Background: Members of the Id helix-loop-helix proteins are key regulators of cell growth and differentiation in a variety of cell types. They are also required for cell cycle progression and regulate tumor angiogenesis. Furthermore, deregulated expression of Id proteins has been observed in some human malignancies. Therefore we hypothesized that the Id-1 gene may play a role in papillary thyroid carcinogenesis.
Methods: Id-1 gene expression was characterized by Northern blot analysis and Id-1 immunohistochemistry in human thyroid tissue. Id-1 gene expression and regulation was evaluated in a human papillary thyroid cancer cell line, TPC-1, by Northern blot analysis.

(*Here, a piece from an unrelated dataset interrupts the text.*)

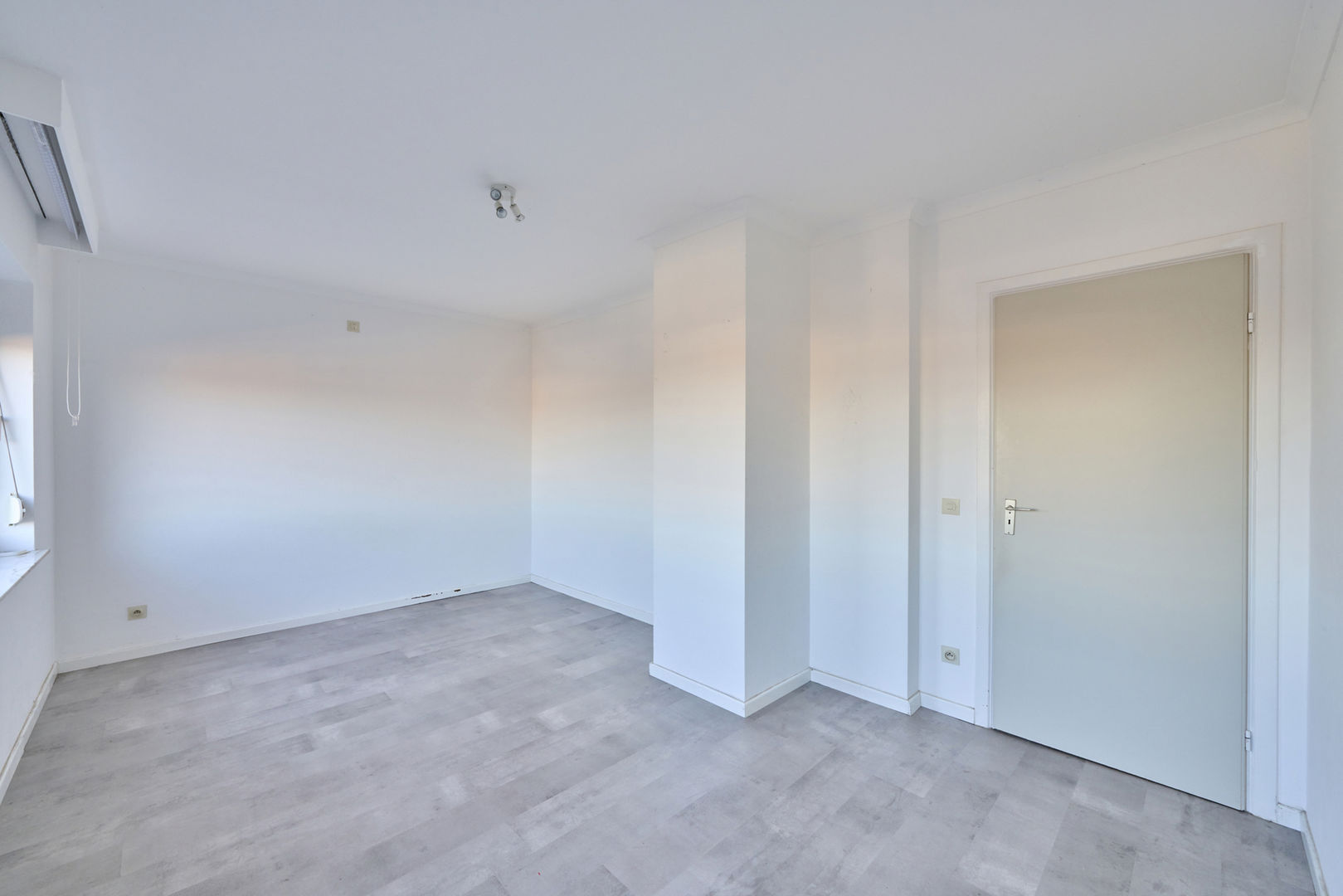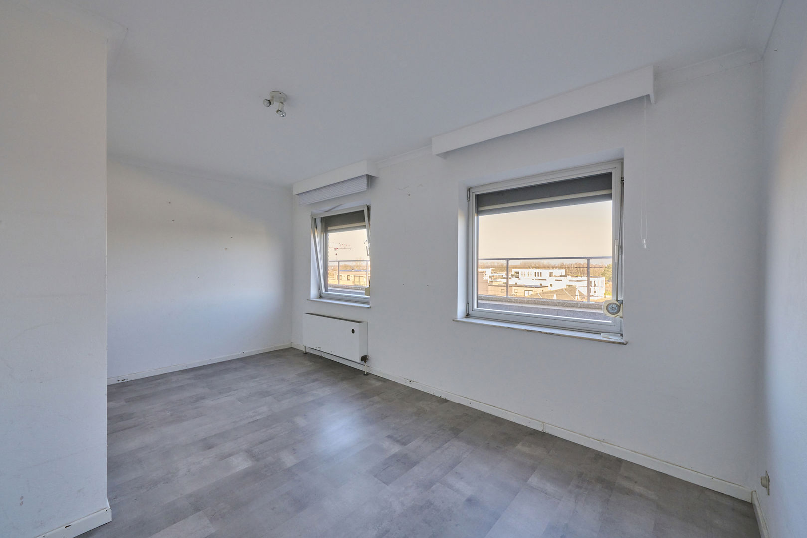 De lift brengt ons op de 5de verdieping van dit gebouw waarbij we via de inkomhal terechtkomen in een ruime zeer open en lichtrijke leefruimte. Deze ruimte geeft toegang tot het eerste terras met een mooi en ver zicht via een schuifraam. Naast de leefruimte vinden we de ingerichte keuken waarbij we het 2de terras kunnen betreden, ook hier een prachtig zicht op de binnenstad in alle rust. Het appartement beschikt over 1 ruime slaapkamer met zeer veel lichtval voorzien van rolluiken aan beide ramen, een badkamer met bad en lavabo en een apart toilet vervolledigen dit appartement.

Results: The Id-1 gene was significantly overexpressed in papillary thyroid cancer compared with normal thyroid tissue from the same patients (n = 18) by both Northern blot analysis and semiquantitative Id-1 immunohistochemistry (P <.001). Id-1 immunoreactivity was primarily localized to the cytoplasm of the thyroid follicular cells. In the TPC-1 cell line, stimulation by TSH and serum up-regulated Id-1 mRNA expression 1.5- and 4.0-fold, respectively. Activation of the mitogen intracellular protein kinase A and protein kinase C signaling pathways also up-regulated Id-1 mRNA expression. Inhibition of Id-1 mRNA expression with Id-1 antisense oligonucleotide inhibited growth compared with control Id-1 sense and random oligonucleotides (P <.05).
Conclusions: The Id-1 gene is overexpressed in papillary thyroid cancer. Id-1 may play a role in the regulation of growth in papillary thyroid cancer.